A "hit" means the reviewer produced a finding on the same file (and ideally same function/region) that was later changed in the follow-up fix.

#### False Positive Rate (on clean PRs)
Sample 5 clean PRs and run the same reviewers:
```
false_positives = P1 or P2 findings on PRs that had no post-merge issues
fp_rate = false_positives / total_findings_on_clean_prs
```

#### Noise Score
```
noise = total P3 findings across all reviewed PRs / total PRs reviewed
```
High noise means the reviewer prompt is too sensitive.

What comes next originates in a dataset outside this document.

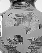 Additional fragments give parts of both figures: several pieces joining with each other but not with the vase wall; restored in plaster. Two figures moving right: first, a youth well wrapped in his himation; behind him a bearded figure, walking with the aid of a staff held in his right hand; his himation thrown over his left shoulder, the right shoulder bare. No relief contour; a little dilute glaze for the muscles.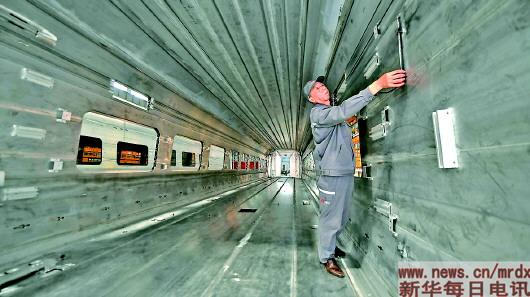 ▲李学忠在中车长客股份公司铝车体二车间对一台在造的“复兴号”进行测量(4月24日摄)。

### Step 5: Generate scorecard

```markdown
## Review Quality Scorecard — {repo}

**Period:** {date range} | **PRs analyzed:** {N} ({clean}/{fixed}/{reverted}/{flagged})

### Reviewer Effectiveness

| Reviewer | Triggered | Hits | Misses | Hit Rate | FP Rate | Noise | Grade |
|----------|-----------|------|--------|----------|---------|-------|-------|
| dotnet-reviewer | 12 | 3 | 2 | 60% | 15% | 1.2 | B |
| python-reviewer | 8 | 4 | 0 | 100% | 10% | 0.8 | A |
| config-safety | 5 | 1 | 3 | 25% | 40% | 3.1 | D |
| test-coverage | 15 | 2 | 5 | 29% | 20% | 2.5 | C |
| ... | | | | | | | |

**Grading:** A (hit>=80%, fp<=15%) | B (hit>=60%, fp<=25%) | C (hit>=40%, fp<=35%) | D (below C)

### Blind Spots (bugs no reviewer caught)

{List PRs where ALL triggered reviewers missed the issue that was later fixed}

- **PR #{N}: {title}** — Fixed by #{M}. Changed `{file}`. No reviewer flagged `{problem area}`.
  **Suggested new rule for {best_matching_reviewer}:** {specific rule that would have caught this}

### Noisy Reviewers (high false positive / low signal)

{List reviewers with grade D or noise > 3.0}

- **{reviewer}** — {noise} P3s per PR, {fp_rate}% false positives
  **Suggestion:** {specific prompt tightening recommendation}

### Prompt Improvement Suggestions

For each reviewer with grade C or below, provide:
1. The specific pattern it missed (from the blind spots analysis)
2. A concrete addition to the reviewer prompt that would catch it
3. Any rules that should be removed (causing false positives)

Format as a diff against the current reviewer prompt:
\`\`\`diff
--- a/reviewers/{name}.md
+++ b/reviewers/{name}.md
@@ ...
+ New rule: Check for {pattern} when {condition}
- Remove: Overly broad rule about {thing}
\`\`\`
```

### Step 6: Save results

Write the scorecard to `~/.codex/learnings/review-evals/{repo}-{date}.md` for future reference.

If the learnings database (`~/.codex/learnings/learnings.jsonl`) exists, append any blind spots as new learnings entries so the `learnings-check` reviewer can catch them in future reviews.

## Notes

- This is expensive (runs many reviewer agents). Use judiciously — monthly or after a production incident.
- The quality of scoring depends on git history quality. Squash-merged repos with poor commit messages will have lower signal.
- PRs with follow-up fixes within 24 hours are the strongest signal. 14-day fixes may be coincidental.
- This skill does NOT modify reviewer prompts automatically. It suggests changes — you apply them manually after reviewing the suggestions.